Last week, I finished my observation of all the clinical departments at Santhiram General Hospital through a posting in Pediatrics. The Pediatrics department at Santhiram functions as three different but interconnected subgroups: NICU, Pediatrics OP, and the Pediatrics ward. The NICU, present on the ground floor of the hospital, specializes in newborn care. After OBGYN delivers babies, pediatrics checks the status of these infants and puts them under routine care (for infants deemed healthy) or distressed care (for infants needing more attention). Distressed infants are observed in the NICU after notifying parents, while routine care newborns are sent to their mothers in the OBGYN ward. Post graduates then check in on these neonates regularly to monitor body weight and ask mothers questions about milk production to ensure proper early development of the newborns. Along with infants, the peds department handles cases relating to kids of all ages but does so in the OP room and ward. After consulting the doctor in the OP room, kids (with the supervision of their parents) are given medicine or sent to the ward for further treatment. The NICU, OP room, and the wards serve to treat a broad range of ailments affecting children.
Inside the NICU
Outside the Pediatric ICU
After shadowing doctors in the pediatrics department, I spent time observing super-specialists who arrive at the hospital once a week to treat patients around the Nandyal area. Super-specialists are professionals who have completed additional training after post-graduation to be become sub-specialized in their fields (a few examples of super-specialties include cardiology, nephrology, and neurosurgery).
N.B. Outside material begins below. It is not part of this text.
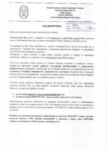 • Важно обавештење за родитеље будућих првака

My rotation was with a cardiologist and a surgical oncologist, both of whom gave me an idea of the two highly sought after super-specialties in India.
One of the super-specialty OP rooms
My two days with the surgical oncologist and the cardiologist both started at noon, as they had other work-related commitments around the area in the morning. Both of them examined patients rather quickly, looking at about 20 patients every hour. The surgical oncologist stated that the reason for the speedy consultation was due to the high volume of patients seeking treatment. Together, the specialists saw forty patients each and referred those requiring complex tests/treatment to their clinics/hospitals in Kurnool, a much larger city than Nandyal.
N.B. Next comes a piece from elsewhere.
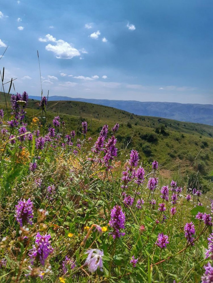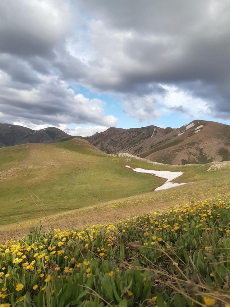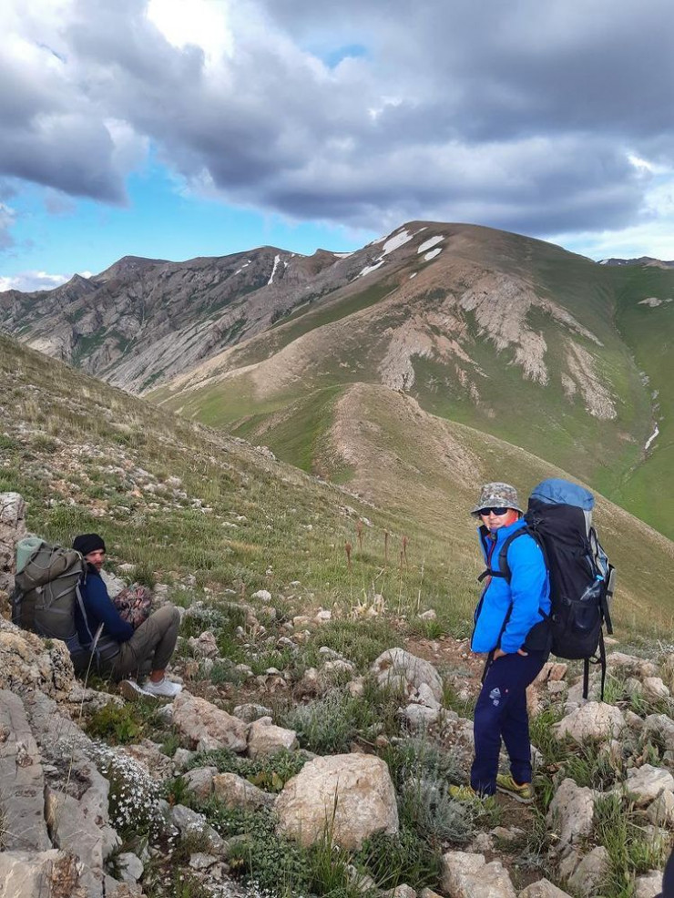 Начали маршрут из поселка Угам и одноименной реки Угам. В одну сторону шли около 15 километров. Это заняло примерно восемь часов. Сложность состояла в том, что точного маршрута никто из нашей команды не знал, ориентировались по карте и объяснениям знающих людей. Прошли через живописные цветущие луга, на которых частично лежал снег, поднялись на гребень 2 800 метров и прошли по нему, смотря на всю красоту Угама с высоты птичьего полета. Мы шли по лугам, и облака будто касались наших волос - настолько прекрасна и живописна природа Угама.
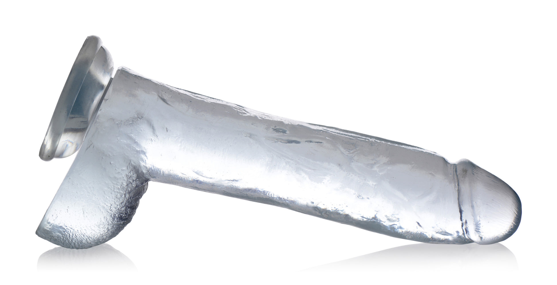 Firm yet pliable, this clear dong is a dream to squeeze and flexible enough to stay comfortable during rougher sessions. The strong suction cup base lets you play hand free with any smooth and flat surface –secure this transparent shaft and get down to business without it slipping or falling over. The suction cup base also makes this thick dick compatible with most strap on harnesses so you can peg or be pegged with a thick, dependable dong whenever the mood strikes.

As I have mentioned in the past, there aren’t many super specialists in Nandyal; only one super-specialty (urology) is present here. I had asked multiple people regarding the reasons behind this absence and got varying responses, so I decided to ask these super-specialists about their take on the matter. The surgical oncologist replied that Nandyal doesn’t have all of the facilities needed for him to provide the best treatment for the patient. He further added that even if he practiced in Nandyal and referred patients to other towns/cities for examinations, only the educated would take his advice; less educated people would be reluctant to go places far away just to get tested. Because of this, he mentioned that he would not be doing justice to his training. The cardiologist had a slightly different take on it. He pointed to the small number of super-specialists in India as a likely reason for the situation. The answer probably lies somewhere in the middle, and they were both optimistic that nearly every specialty will be present in and around Nandyal within a few years.
As I have finished with all of my clinical postings, I will be in social and preventive medicine (SPM) next week. SPM is a non-clinical branch which encompasses community-based health care. I am excited for the shift in gears and will be posting another post sometime next week.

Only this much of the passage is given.